Ja, erstmal scheint die Methode mit einem neuen Objekt schneller zu sein, aber warte einfach mal ein paar Minuten, dann wirst du schon merken, wie die Performance in die Knie geht. Erstmal wird das alte Objekt einfach verworfen und ein neues Objekt wird angelegt. Das geht natürlich schneller, als das abändern eines bestehenden. Aber nach einiger Zeit schaltet sich dann der GarbageCollector hinzu und fängt an deinen Objektmüll aufzuräumen. Und dabei geht dann die Performance extrem in die Knie.
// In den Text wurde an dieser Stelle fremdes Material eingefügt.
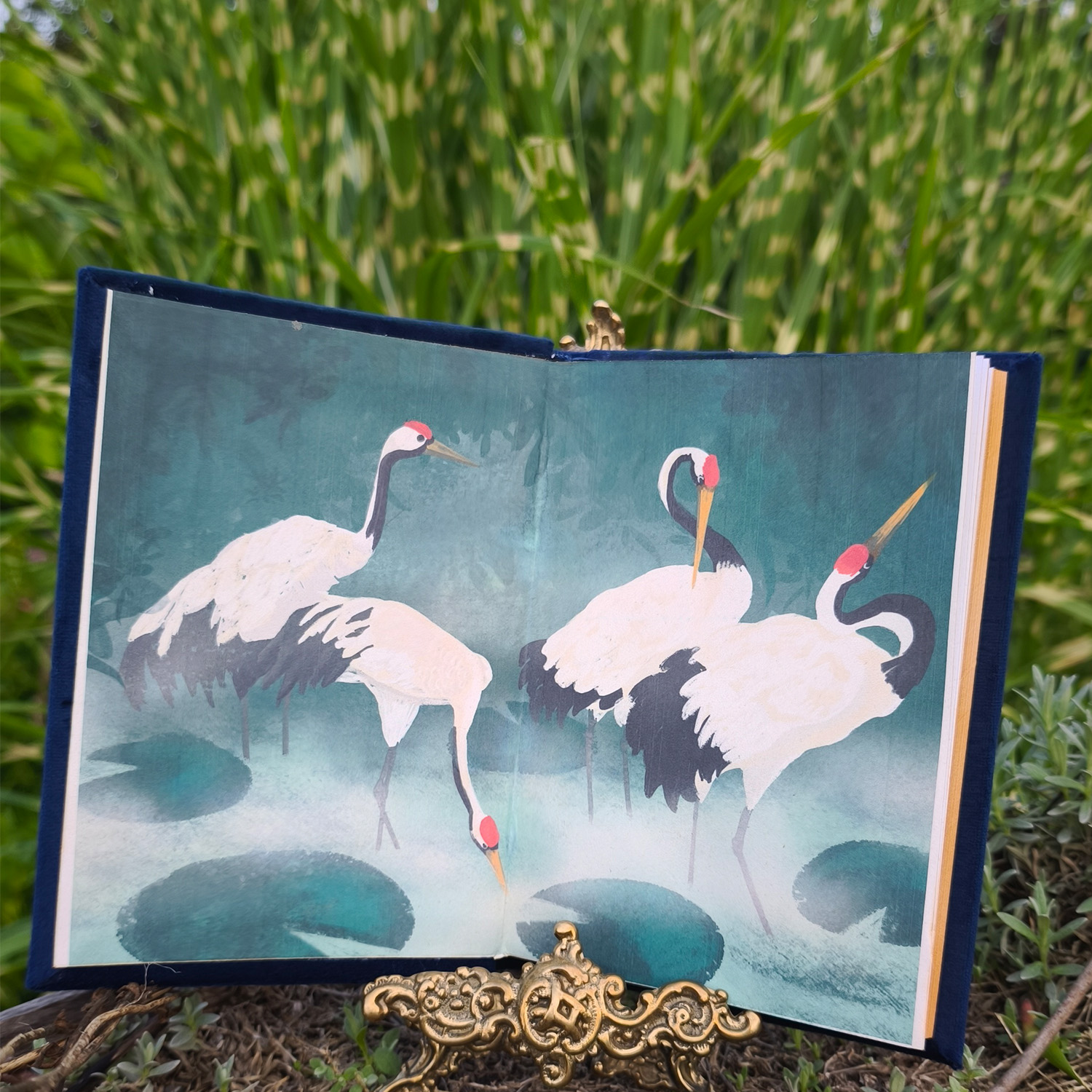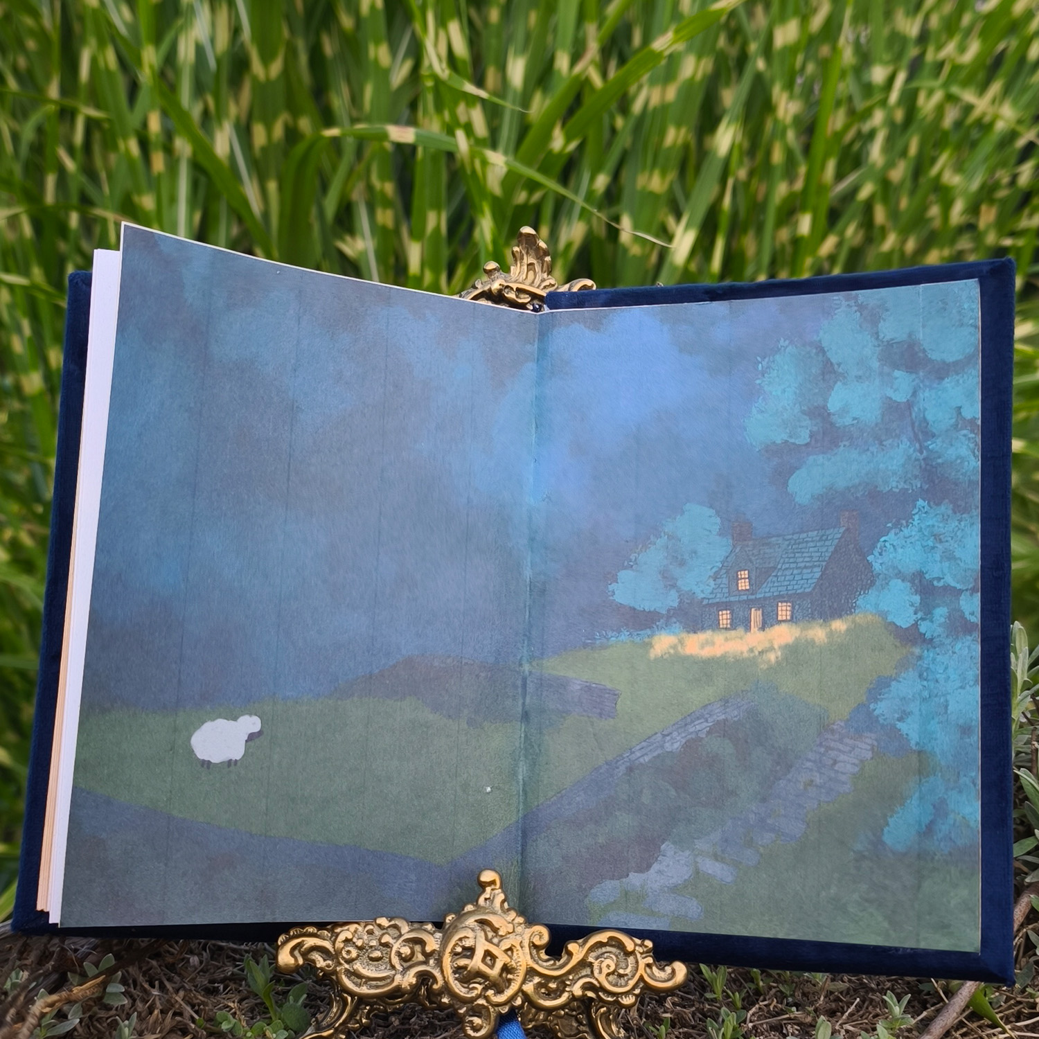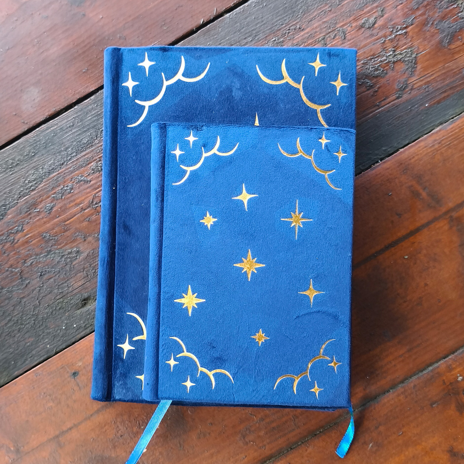 Głęboki odcień niebieskiego weluru przywodzi na myśl nocne niebo i spokojną taflę jeziora. Złocone gwiazdy odbijające się w wodzie nawiązują do scen niczym z baśni – idealny notes dla osób czujących głęboko i piszących intuicyjnie.

Als fährt man im Schnitt mit dem Ändern eines bestehenden Objektes besser.

Gruß
Steev


----------



## pexx (2. Mrz 2010)

Steev hat gesagt.:


> Ja, erstmal scheint die Methode mit einem neuen Objekt schneller zu sein, aber warte einfach mal ein paar Minuten, dann wirst du schon merken, wie die Performance in die Knie geht.



Danke für den Tipp... ich hab den memory mal auf 8mb gesetzt und mit visualvm zugeschaut wie der heap voller und voller wurde. nach ner minute oderso war der heap dann auf 80% und es hat im 5sekundentakt ein lustiges zackenmuster gemalt. also wohl immer wenn der GC den müll raus bringt.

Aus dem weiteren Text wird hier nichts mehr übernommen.